Apalagi sesaat kemudian bunyi itu terdengar lagi. Agak lebih dekat. Sekarang jelas bagi Mahesa Jenar, bahwa bunyi itu bunyi langkah manusia. Karena itu ia menggamit Arya Salaka, dan dengan isyarat ia menyuruhnya untuk waspada. Tetapi kemudian suara itu lenyap kembali.
Kemudian Mahesa Jenar dan Arya Salaka pun tidak mau berkisar dari tempatnya. Mereka berdua perlahan-lahan sekali mendekat pada dinding goa. Untuk beberapa lama mereka bertahan di situ. Mereka menunggu setiap kemungkinan yang dapat terjadi.
Dan apa yang mereka tunggu-tunggu tiba-tiba muncullah. Di dalam gelap mereka melihat sesosok tubuh berjalan perlahan-lahan sekali dan sangat hati-hati. Tetapi agaknya ia masih belum melihat Mahesa Jenar dan Arya Salaka yang berdiri melekat dinding, meskipun barangkali orang itu telah mendengar langkah mereka, sebab ternyata orang itu berjalan mendekati mereka.

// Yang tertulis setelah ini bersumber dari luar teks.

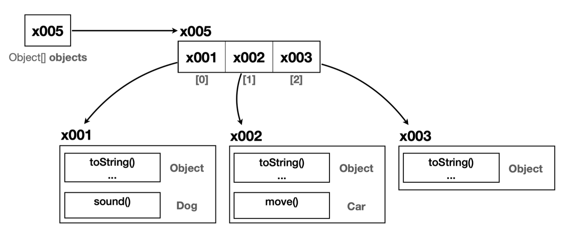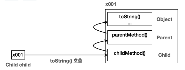 알다시피, Parent는 Object 클래스를 묵시적으로 상속 받았기 때문에 당연히 메모리 상에도 Object 인스턴스가 생성되었을 것이다. 여기서 child.toString() 호출하면, Child와 Parent에 없으므로 마지막인 Object 클래스에서 찾아 호출한다. 하여간 중요한 점은 자바에서 모든 객체의 최종 부모는 Object라는 것이다.

Tetapi ketika jarak mereka tinggal beberapa langkah, agaknya orang itu dapat pula melihat Mahesa Jenar dan Arya Salaka. Cepat ia menghentikan langkahnya, dan tiba-tiba ia meloncat dan berlari menjauh.
Mahesa Jenar dan Arya Salaka menjadi bercuriga. Karena segera mereka menyusulnya. Namun orang itu berlari terus meskipun tidak begitu cepat karena gelap. Sedang Mahesa Jenar dan Arya Salaka tidak dapat berlari cepat pula.  Karang-karang yang runcing terbujur lintang tak tentu arah. Meskipun demikian langkah Mahesa Jenar setidak-tidaknya dapat menyamai langkah orang yang dikejarnya, sehingga jarak mereka tidak menjadi semakin jauh.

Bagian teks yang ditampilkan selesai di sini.